Exhibit Location: The Joseph Regenstein Library, Second Floor
Exhibit Dates: April 24 – August 1, 2017

Why did Russia sell Alaska? Why did the United States purchase it? And how did the American public and press react to this purchase in 1867, so soon after the end of the Civil War?

WHY SELL? By the end of the 1850s, after its defeat in the Crimean War, Russia’s tsarist government had no further use for the Russian American Company and began searching for a buyer of the colonies in northwest America, preferably not the British, Russia’s greatest rival in the Pacific. By 1863 Russia concluded that the Russian colonies in America were “at a perfect standstill as regards colonization, hunting, trade, and civic development, and that, generally speaking, the Russian American Company has far from justified the expectations which the government had placed in it” (S. B. Okun. The Russian-American Company.
Tr. by Carl Ginzburg. Cambridge: Harvard University Press, 1951: 232-33.)

WHY BUY?  William H. Seward, 24th United States Secretary of State (1861-1868), saw the purchase of Alaska as another step in the expansion of the United States in the west, as did Charles Sumner, U.S. Senator from Massachusetts whose 2 1/2 hour speech to the Committee on Foreign Relations presented all of the facts then known about Russian America (i.e. Alaska). He articulated four advantages pertinent to the future interests of the United States: Advantages to the Pacific Coast, Extension of Dominion, Extension of Republican Institutions, and Anticipation of Great Britain.

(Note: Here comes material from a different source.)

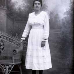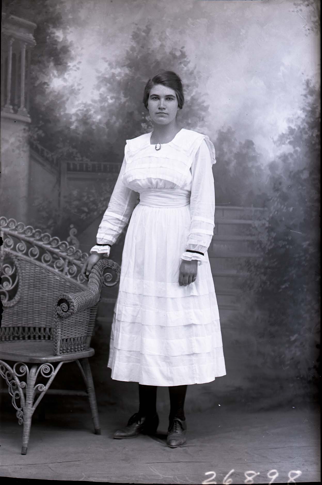 Unidentified woman is standing beside a wicker chair and wearing a cameo pin on the front of her dress.

Although the Treaty to purchase Alaska was ratified by a 37-2 margin, at a cost of $7,200,000, it caused a great deal of pro and con exposition in the nation’s papers, with the purchase being labeled as “Seward’s Folly,” “Icebergia,” “Walrussia,” “The Nation’s Ice House.” It was well into the 20th century before Alaska’s purchase was generally acknowledged to be of great strategic and financial importance.